Processing API¶
Functions for processing PMC articles efficiently.
Primary Processing Function¶
The recommended way to process PMC articles is process_single_pmc(). See the
Core API for the generated function reference.
Recommended Usage Pattern¶
# ─── Recommended Processing Pattern ──────────────────────────────────────────
import json
from pathlib import Path
from pmcgrab.application.processing import process_single_pmc
# The PMC IDs we want to process
PMC_IDS = ["7114487", "3084273", "7690653", "5707528", "7979870"]
OUT_DIR = Path("pmc_output")
OUT_DIR.mkdir(exist_ok=True)
for pmcid in PMC_IDS:
print(f"Fetching PMC{pmcid}...")
data = process_single_pmc(pmcid)
if data is None:
print(f" FAILED to parse PMC{pmcid}")
continue
# Pretty-print a few key fields
title = data["paper"]["title"]
abstract_blocks = data["paper"]["abstract"][0]["content"]

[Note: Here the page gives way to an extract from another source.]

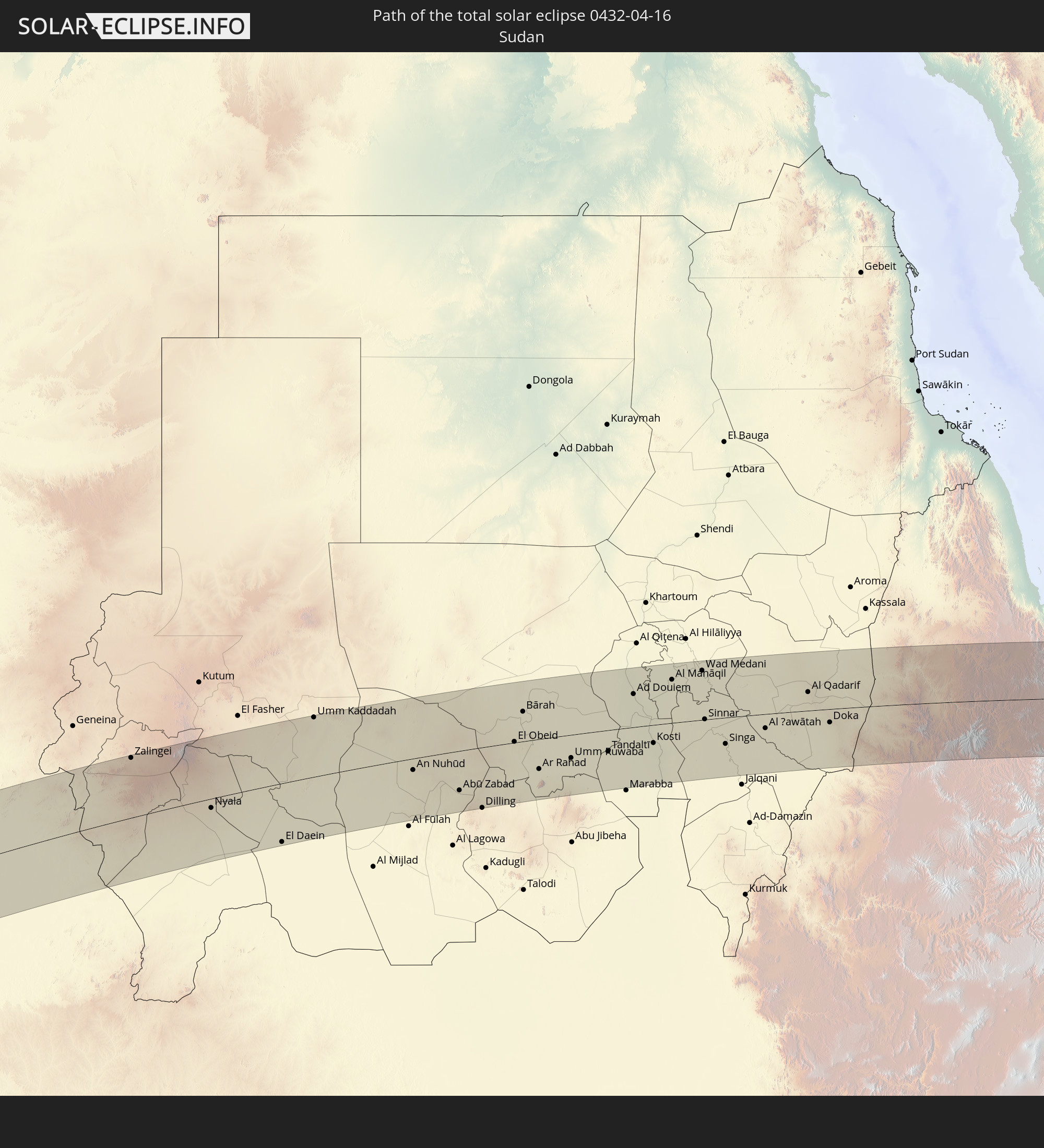 Wo kann man die Sonnenfinsternis vom 04/16/0432 sehen?

abstract_preview = abstract_blocks[0]["text"] if abstract_blocks else ""
print(
f" Title : {title[:80]}{'…' if len(title) > 80 else ''}\n"
f" Abstract: {abstract_preview[:120]}{'…' if len(abstract_preview) > 120 else ''}\n"

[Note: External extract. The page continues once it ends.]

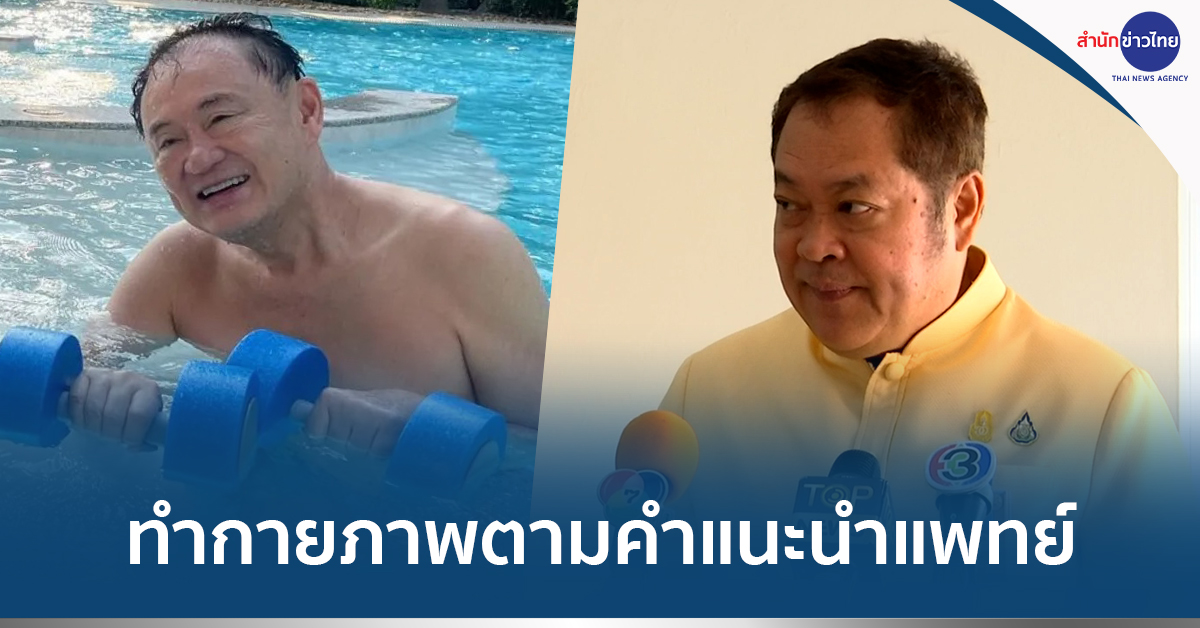 ทำเนียบรัฐบาล 9 เม.ย.-รมว.ยธ.ยัน “ทักษิณ” ป่วยจริง ยกดรัมเบลโฟมในน้ำเป็นการทำกายภาพตามคำแนะนำแพทย์ ฟื้นฟูร่างกายหลังผ่าตัดไหล่

f" PMCID : {data['identifiers']['pmcid']}"
)
# Persist full JSON
dest = OUT_DIR / f"PMC{pmcid}.json"
with dest.open("w", encoding="utf-8") as fh:
json.dump(data, fh, indent=2, ensure_ascii=False)
print(f" JSON saved to {dest}\n")
Email Management¶
next_email() automatically rotates through available email addresses for NCBI
API requests, ensuring proper rate limiting and compliance. See the
Core API for the generated function reference.